Медсестра посмотрела и закудахтала, изображая глубокое потрясение. Фрэнси стояла, и на щеках у нее пылали пятна стыда. Доктор закончил Гарвард, в местной больнице проходил интернатуру. Раз в неделю он был обязан отработать несколько часов в бесплатных здравпунктах. После окончания интернатуры он собирался открыть фешенебельный кабинет в Бостоне. Усвоив местные обороты, в письмах к своей невесте из высшего общества он описывал интернатуру в Бруклине как Чистилище.

Медсестра была местная, из Уильямсбурга. Ее выдавал акцент. Дочь бедных эмигрантов из Польши, она отличалась честолюбием, днем трудилась в поте лица, а по вечерам училась. Она надеялась, что в один прекрасный день выйдет замуж за доктора. Ей не хотелось, чтобы кто-то узнал о ее низком происхождении.

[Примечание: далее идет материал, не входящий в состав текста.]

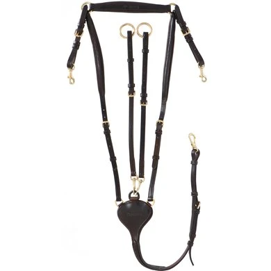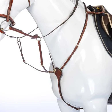 Gemaakt van het beste Duitse kwaliteitsleer, inclusief een variabele martingaalvork. Met sierstiksels. Meervoudig verstelbaar en zacht gewatteerd. Zonder elastische zones.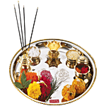 Hazel Stainless Steel Puja Pooja Aarti Thali Set, with Diva, Agarbatti Incense Holder and Kumkum Wati is individually handcrafted. This is a beautiful stainless steel pooja thali set with attached can be used as a divine gift. The thali pack comprises of a diva, agarbatti incense holder and kumkum wati. On Diwali, anniversaries, and birthdays these items can be readily turned into a wonderful gift item.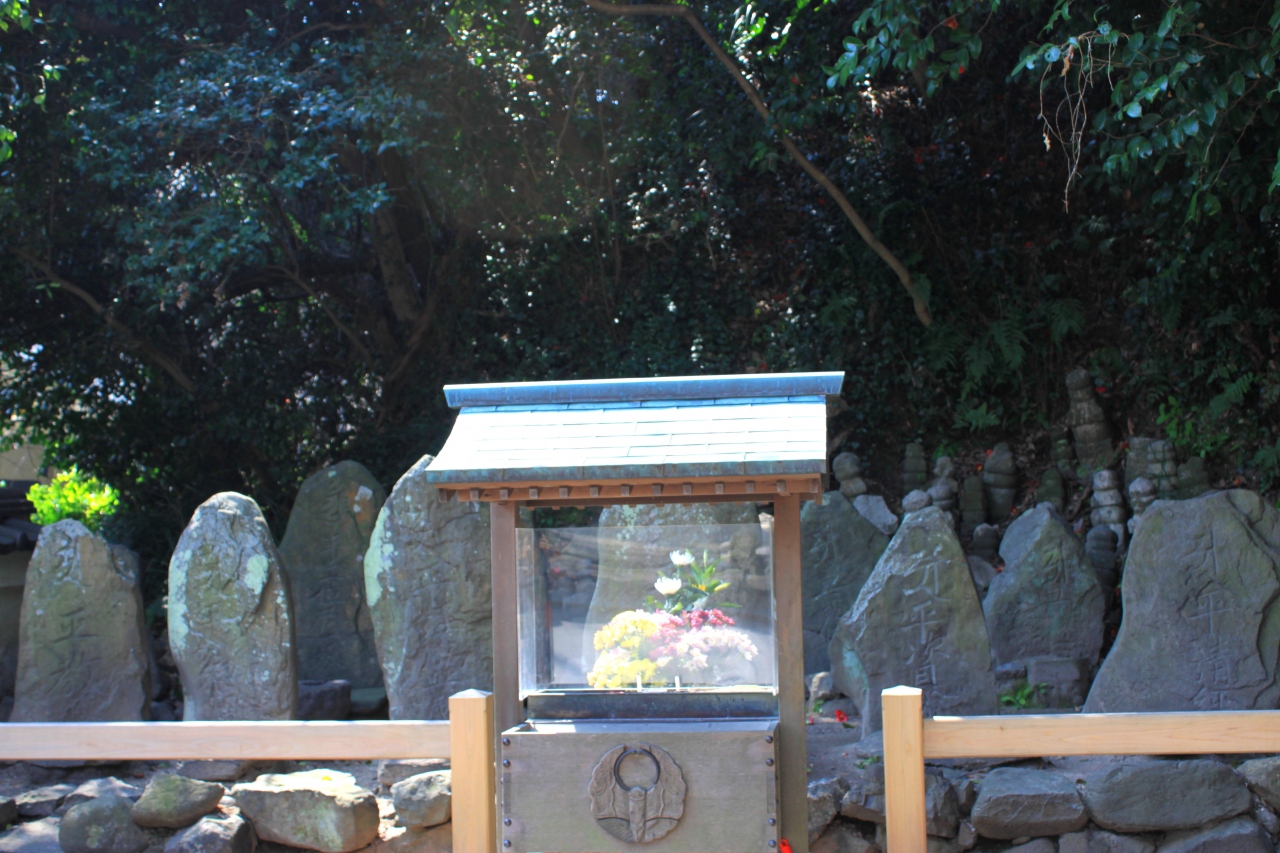 この七盛塚は前列右から有盛(ありもり)、清経(きよつね)、資盛(すけもり)、教経(のりつね)、経盛(つねもり)、知盛(とももり)、教盛(のりもり)。後列は徳門、忠光、景継、景俊、盛継、忠房、二位となっており、盛りの付くのは六基しかないが、俗に七盛塚と言われ墓碑ではなく平家一門の供養塔と考えられている。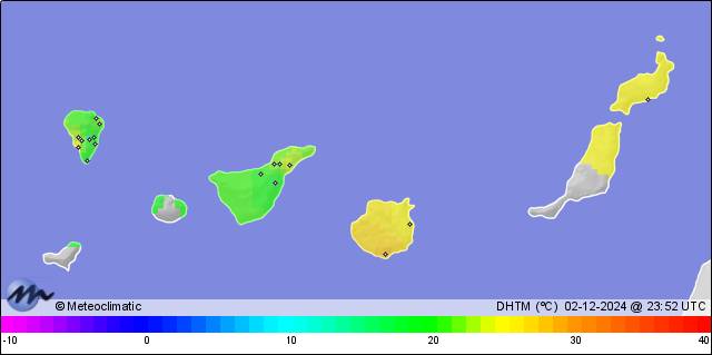 | 02-12-2024 | | | Máx. | Mín. | | | Temperatura | 23,1 | 15,9 | °C | | Humedad | 99 | 51 | % | | Viento | 13 | n/a | km/h | | Presión | 1.022 | 1.020 | hPa |

После возмущенного монолога доктора Фрэнси стояла опустив голову. Значит, она грязнуля. Вот что доктор имел в виду. Тон его стал спокойнее, и он поинтересовался у медсестры – зачем таким людям вообще жить на свете, мир стал бы лучше, если б их стерилизовали и они не рожали детей. Может, доктор хочет, чтобы Фрэнси умерла? Может, он собирается сделать так, чтобы она умерла прямо сейчас, потому что у нее грязные после пирожков руки?

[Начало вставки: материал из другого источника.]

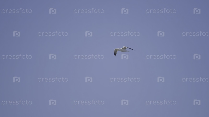 Полет чайки против голубого неба. давай. красивая белая чайка парит в чистом небе. чайки летают на фоне синего неба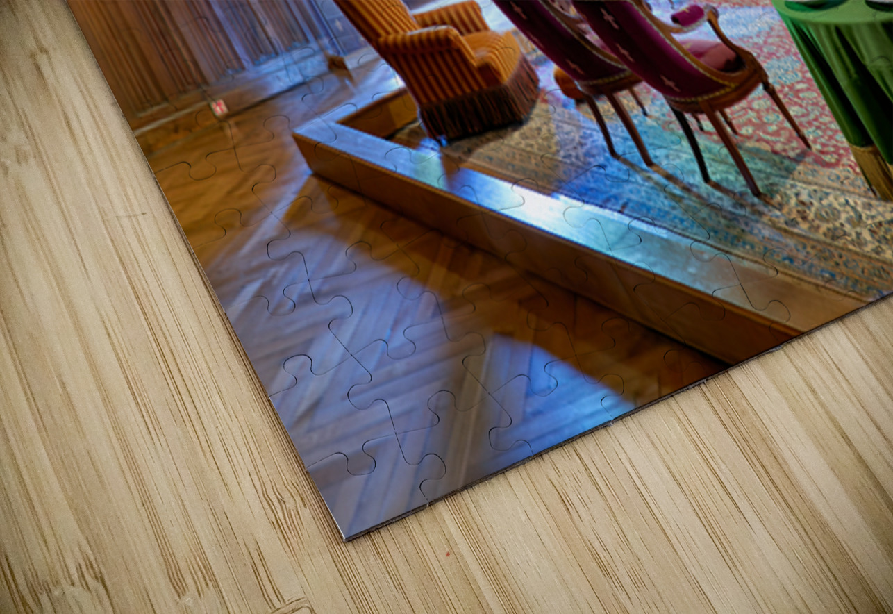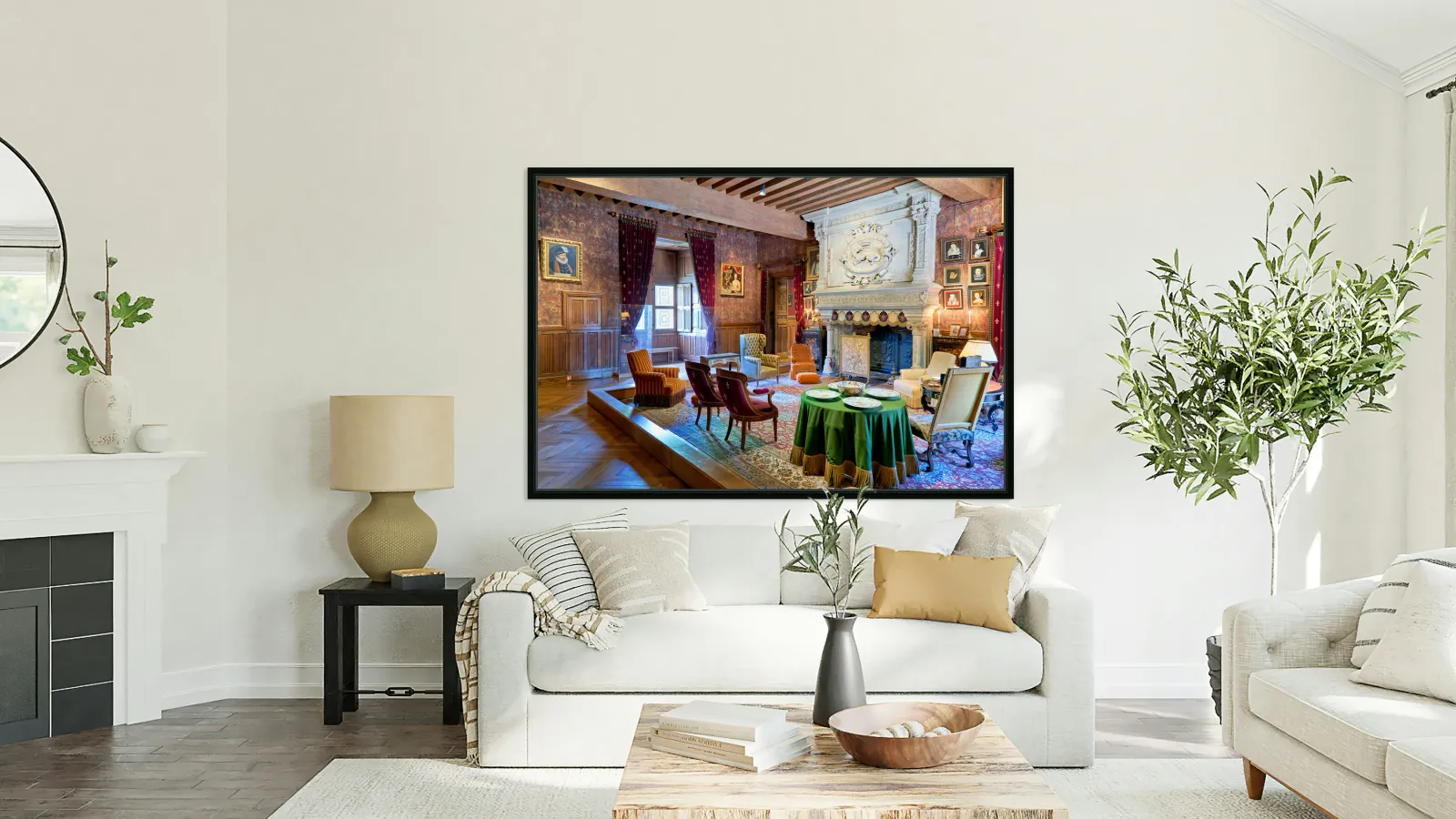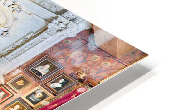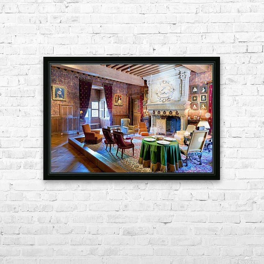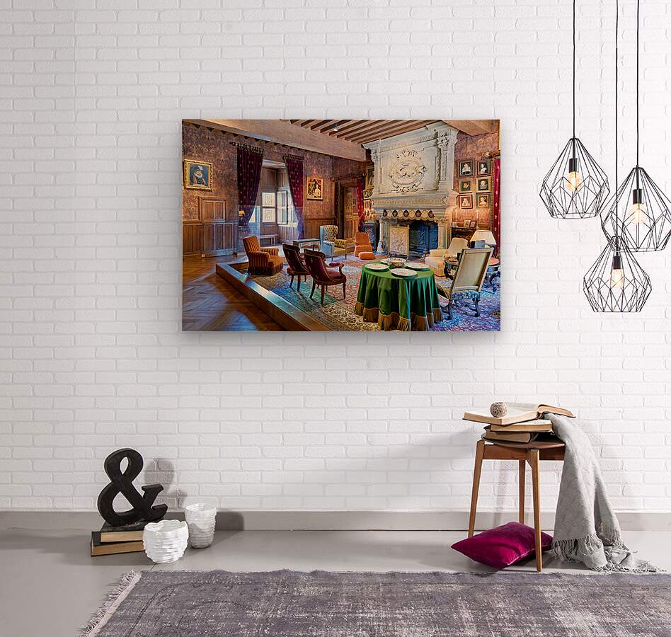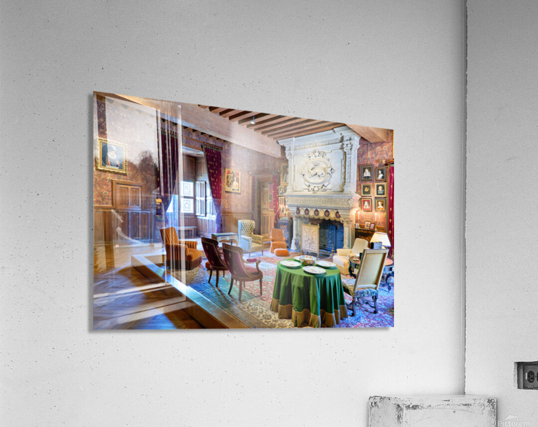Visitors explore the interior of Chateau dAzay le Rideau in the Loire Valley. The room shows unique decorations and historic furniture.

Фрэнси посмотрела на медсестру. В глазах Фрэнси все женщины были как мамы, как ее мама, как тетя Сисси, как тетя Эви. Ей казалось, медсестра должна сказать что-нибудь вроде: «Может, у этой девочки мама работает и не успела помыть ее сегодня утром» или «Вы же знаете, доктор, дети часто пачкаются во время игры». Но медсестра сказала совсем другое:

– Согласна с вами, доктор. Полное безобразие. Я так сочувствую вам, доктор. Эти люди живут в грязи, им нет никакого оправдания.

Человек, который выкарабкался из низов ценой собственных усилий, стоит перед выбором. Поднявшись над своей средой, он может либо забыть о ней, либо, напротив, никогда не забывать и сохранить в сердце сочувствие и сострадание к тем, кто проиграл в жестокой борьбе. Медсестра предпочла забыть. Да, уже в ту минуту она понимала, что и много лет спустя ей будет стыдно вспоминать лицо этой девочки-заморыша, которая так надеялась, что ей скажут доброе слово, как-то защитят ее бессмертную душу. Медсестра осознавала свое малодушие, но мужества поступить иначе в себе не нашла.

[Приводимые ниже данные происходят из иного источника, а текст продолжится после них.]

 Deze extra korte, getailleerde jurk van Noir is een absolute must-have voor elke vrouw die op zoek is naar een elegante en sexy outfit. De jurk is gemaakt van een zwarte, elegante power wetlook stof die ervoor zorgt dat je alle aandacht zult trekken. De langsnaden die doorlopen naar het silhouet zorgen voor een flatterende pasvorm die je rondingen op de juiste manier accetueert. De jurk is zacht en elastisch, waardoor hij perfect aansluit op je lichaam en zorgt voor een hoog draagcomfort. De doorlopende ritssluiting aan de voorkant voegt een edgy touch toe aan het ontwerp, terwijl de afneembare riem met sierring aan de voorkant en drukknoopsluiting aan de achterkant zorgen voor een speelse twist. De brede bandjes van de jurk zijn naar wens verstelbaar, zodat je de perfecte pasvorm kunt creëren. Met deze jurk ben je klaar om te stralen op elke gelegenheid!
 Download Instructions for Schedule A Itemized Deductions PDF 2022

Когда игла вошла под кожу, Фрэнси ничего не почувствовала. Слова доктора причинили такую боль, что она перебила все прочие ощущения. Пока медсестра ловкими движениями бинтовала ей руку, доктор положил шприц в стерилизатор и взял новую иглу. Фрэнси заговорила:

– Сейчас к вам зайдет мой брат. Руки у него такие же грязные, поэтому не удивляйтесь. И ничего не говорите ему. Вы уже все сказали мне.

Доктор с медсестрой уставились на этого недочеловека, который, как выяснилось, владеет даром речи. Голос Фрэнси сорвался от слез:

– Не смейте ему ничего говорить. В этом нет никакого толку. Он же мальчик, ему все равно, грязный он или нет.

Она повернулась, запнулась и вышла из кабинета. Из-за закрытой двери она услышала удивленный голос доктора:

– Подумать только, вот уж не предполагал, что она поймет мои слова.

Медсестра поддакнула:

– Подумать только, – и вздохнула.


Когда дети вернулись, Кэти была дома – пришла на обед. Она посмотрела на их забинтованные руки с жалостью. Фрэнси горячо заговорила:

– Мама, ну почему? Почему? Почему они говорят такое… такое… а потом колют руку иголкой?

– Это называется «вакцинация», – ответила мама, давая понять, что тема исчерпана. – Очень полезная вещь. Теперь ты научишься отличать правую руку от левой. В школе положено писать правой рукой. Левая будет бо-бо, так что ты больше не перепутаешь.

Это объяснение обрадовало Фрэнси, которая никак не могла научиться отличать правую руку от левой. Она ела, шила и рисовала левой рукой. Кэти всегда поправляла ее, перекладывала мелок или иголку из левой руки в правую. После того как мама объяснила, что такое вакцинация, Фрэнси подумала, что, пожалуй, это прекрасное изобретение. Не такая уж высокая плата за решение очень сложной задачи – разобраться с руками. После вакцинации Фрэнси стала пользоваться правой рукой, а не левой и больше никогда не путалась.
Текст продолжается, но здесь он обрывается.